Selected solo and two-person exhibitions include Facettes, Espace SD Gallery, Beirut, 2005; Passages, Golden Thread’s ReOrient Festival, Theater Artaud, San Francisco, 2009; The Third-Half, Anspacher Galleries, The Public Theater, New York, 2011; and Jaffa Mangoes: History, Memory, and Myth, Ictus Gallery, San Francisco, 2012. Group exhibitions include Printemps de la peinture, Martyrs’ Square, Beirut, 1995; Beyond Tradition, Illusion Gallery, Kuwait City, 2004; Journée des peintres, Deir El-Qamar Festival, Chouf, Lebanon, 2004, 2005; Plastic Arts, Middle East University, Sabtieh, Lebanon, 2006; Internal Exile: From Palestine to the USA to Mexico, SOMArts Bay Gallery, San Francisco, 2007; The Token Woman Show, Diego Rivera Gallery, San Francisco Art Institute, 2007; and Proliferations, Rhodes & Fletcher, LCC/OFF-Space, San Francisco, 2009.
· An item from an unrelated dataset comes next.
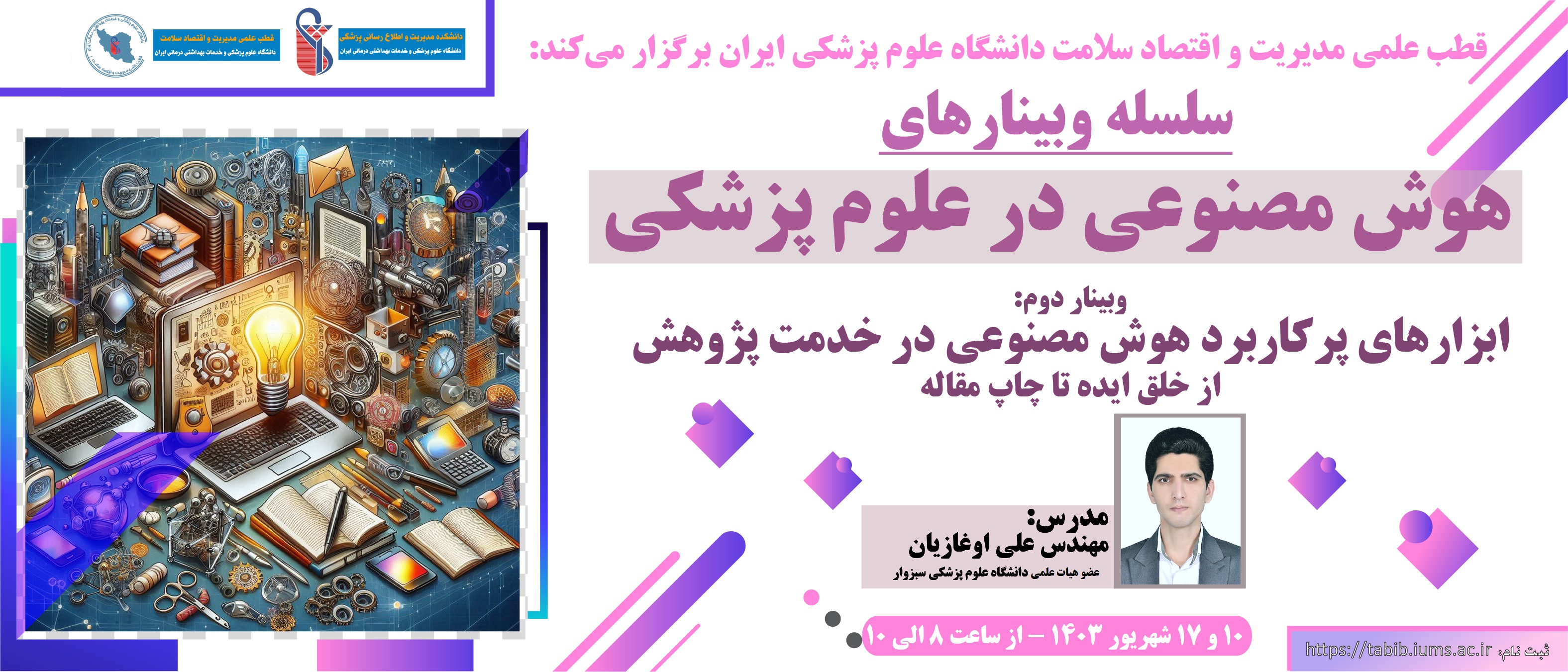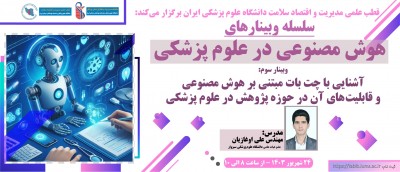 قطب علمی مدیریت و اقتصاد سلامت دانشگاه علوم پزشکی در نظر دارد یک سلسله رویداد وبینار های آموزشی با موضوع هوش مصنوعی در علوم پزشکی در تاریخ های 3،10،17،24 شهریور ماه برگزار نماید.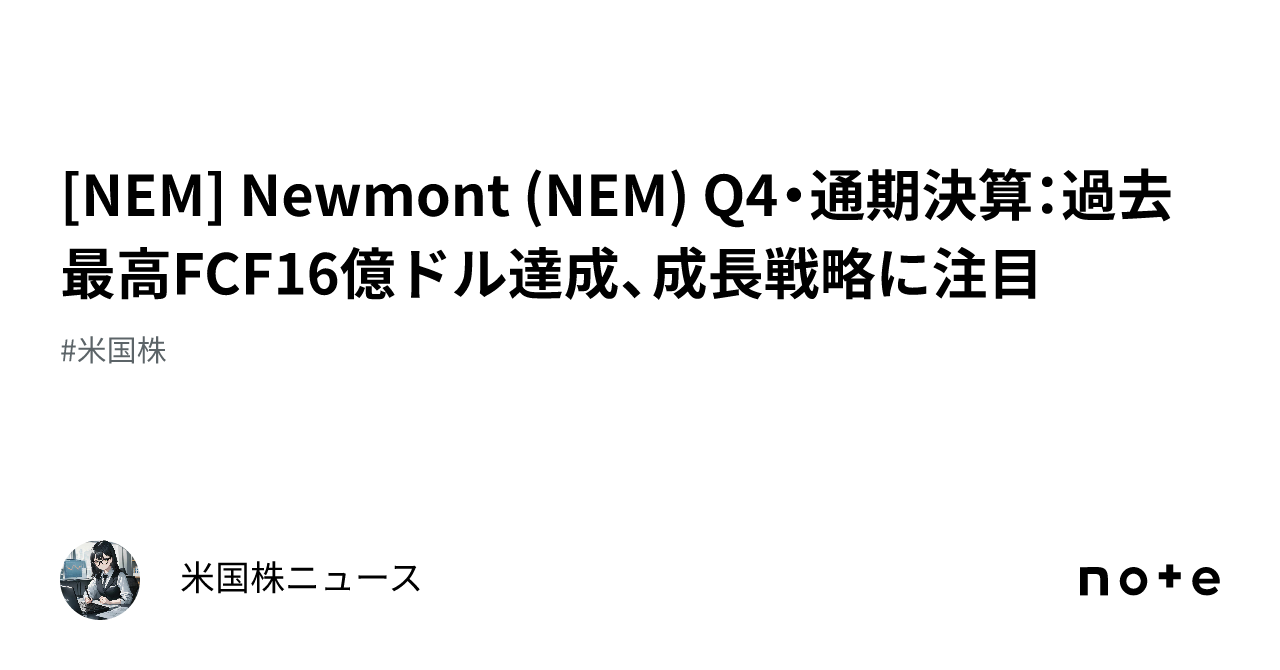 Newmont Q4・通期決算過去最高FCF16億ドル達成、成長戦略に注目 note.com/stocks_info/n/…

Barakeh’s work has been written about in the following Beirut newspapers and journals: The Daily Star/International Herald Tribune, L’Orient-Le Jour, An-Nahar, Al-Mustaqbal, Al-Liwaa, La Revue du Liban, and Al-Ousbou’ Al-Arabi. Her work has been featured on Future TV, Beirut; Heya TV, Arab Woman Channel, Beirut; and on Arab Talk, KPOO 89.5 FM, in San Francisco. Barakeh’s paintings have appeared in various publications, including the cover of Patricia Sarrafian Ward’s novel The Bullet Collection (Graywolf Press, Minneapolis, 2003) and the Beirut-based arts magazine L’Agenda Culturel.

Barakeh received the Sheikh Zayed Fine Arts Award from the Lebanese American University in Beirut, and two artist residencies from the Vermont Studio Center in Johnson, Vermont, among other accolades.

She currently serves as Director of Graduate Administration and Visiting Faculty at the San Francisco Art Institute. In 2012, she initiated the co-curricular arts platform No Reservations Art, which links MFA students with professional opportunities in the art world.